When you meet a cyclist coming against you, DIM YOUR LIGHTS DUDE. Don't wait for her to put her arm in front of her face to try to block out the glare in her eyes as she steers her bike around that bend, with the other hand.

Cycling home along black country roads is really a piece of work. When cars come by, as they do often on these roads that lead to and from Limerick city, there are these surreally intense flashes of strong white light and visibility, then back to black immediately afterward. As a car passes, you watch his headlights illuminate the immediate path ahead of you, so you can see if there's a rock in your way, ready to send you flying under the tyres of an oncoming car. It's no joke. Potholes, hairpin bends, high speed cars, that lunatic who passed me so close he could have kissed me while he was doing it - THREE TIMES last night (how did he do it?), riding the loudest motorbike I have ever heard, and driving faster than Evel Knievel in a determined moment - stones, uneven road surfaces (what, in Ireland of the four billion pound roads? surely not!) sudden gaps in the road, as in, here's the road, and then suddenly, here is no road, all these things are leaps of faith into the pure unknown, on the cycle home.
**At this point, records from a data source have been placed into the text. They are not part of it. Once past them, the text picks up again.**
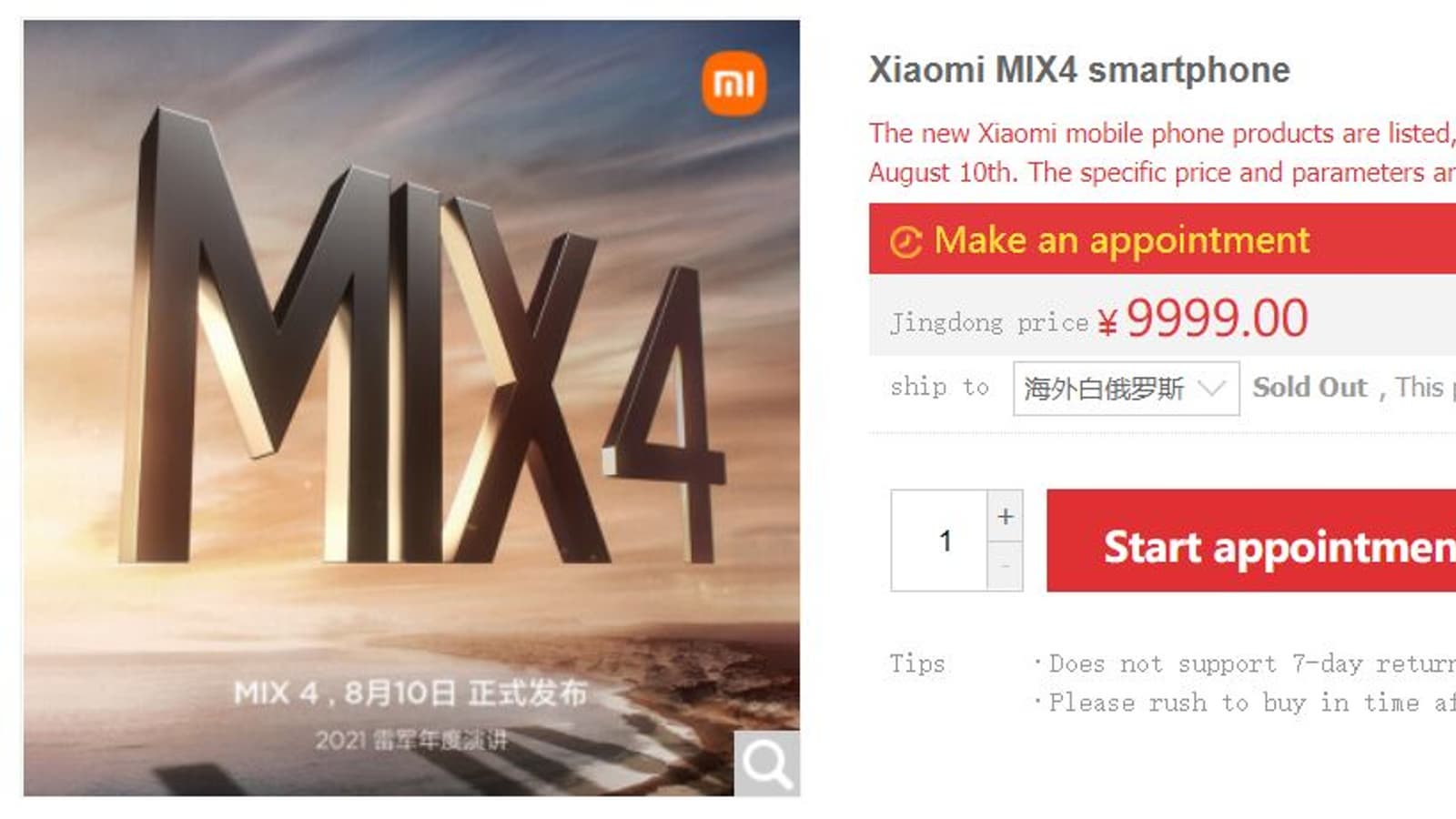 Сегодня Xiaomi опубликовала первый официальный тизер нового флагмана Mi Mix 4, и сегодня же на сайте JD.com открылась страничка с предзаказами. Увы, стоимость пока не сообщается, вместо неё — стандартная заглушка с указанием цены в размере 9999 юаней. В реальности Mi Mix 4 будет дешевле — его стоимость ожидается на уровне Mi 11 Ultra, то есть около 6000 юаней (930 долларов).
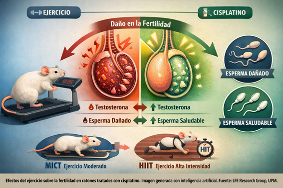 Un investigador de la UPM participa en un estudio que indica que el ejercicio regular podría ayudar a proteger la fertilidad frente a los efectos del cisplatino, un medicamento usado en quimioterapia, según resultados obtenidos en ratones.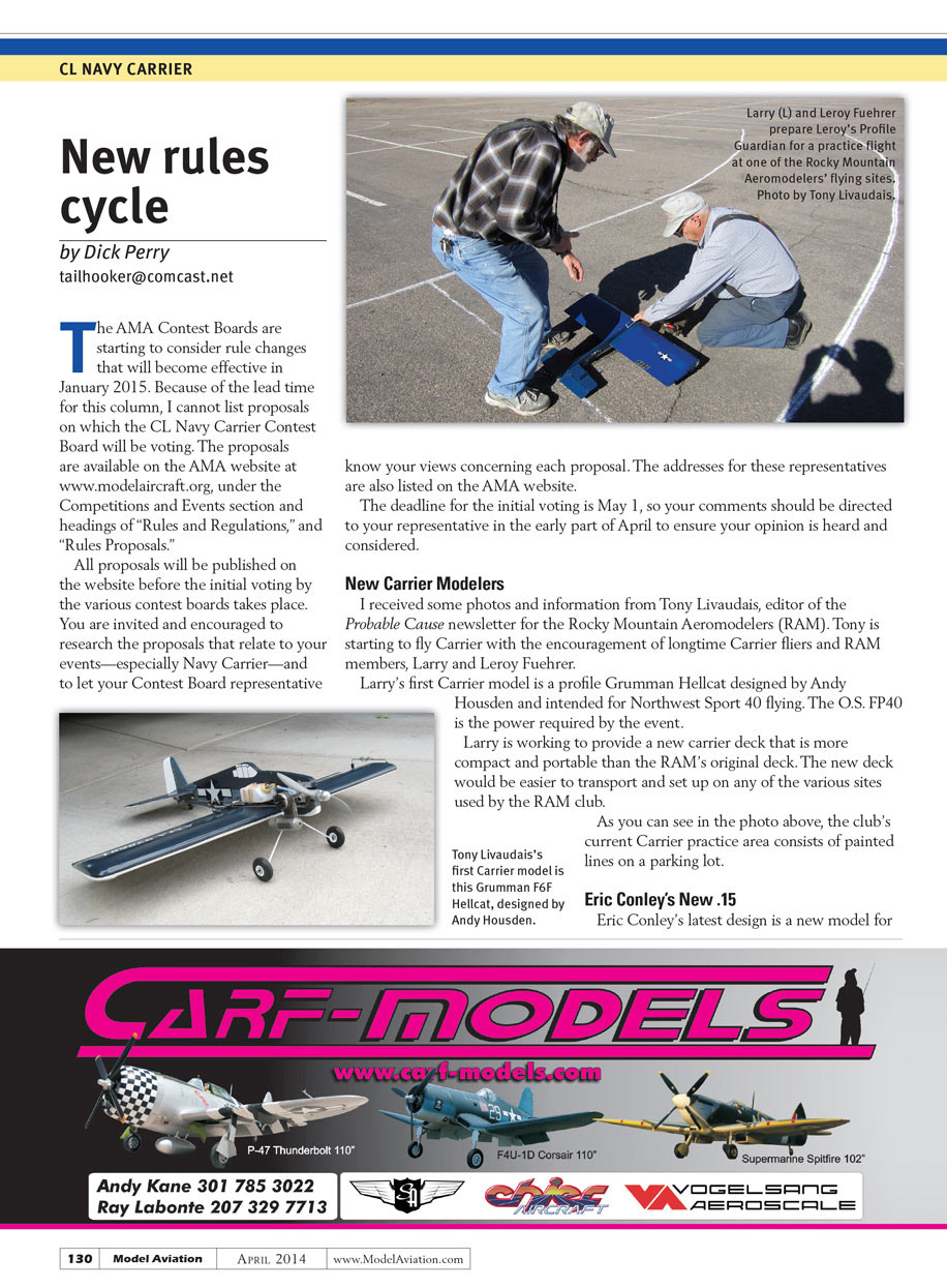 The AMA Contest Boards are starting to consider rule changes that will become effective in January 2015. Because of the lead time for this column, I cannot list proposals on which the CL Navy Carrier Contest Board will be voting. The proposals are available on the AMA website at www.modelaircraft.org, under the Competitions and Events section and headings of “Rules and Regulations,” and “Rules Proposals.”

And I love it. The wind rustles in the trees, the air smells so good, your senses are WIDE awake, you can hear the nocturnal animals moving around, responding to you, doing their do. Everything looks unfamiliar at night, cycling home. You can forget what country you're in, who you are, what you're doing, where you're even going to. There's just the focus on the road, the task of getting through it alive, and being exhilarated by the journey.

I had a moment some day last week, when I realised that there was so much interesting about this city and just about anywhere I could possibly be, and that I need to write about it. That the streets are FULL of stories, and moments. And I slipped inside that insight, somehow, and space expanded within it. I dunno, I just started having fun here. It helps to have your eyes open, and a sense of humour handy. It really helps to have loving people about. That's a huge blessing.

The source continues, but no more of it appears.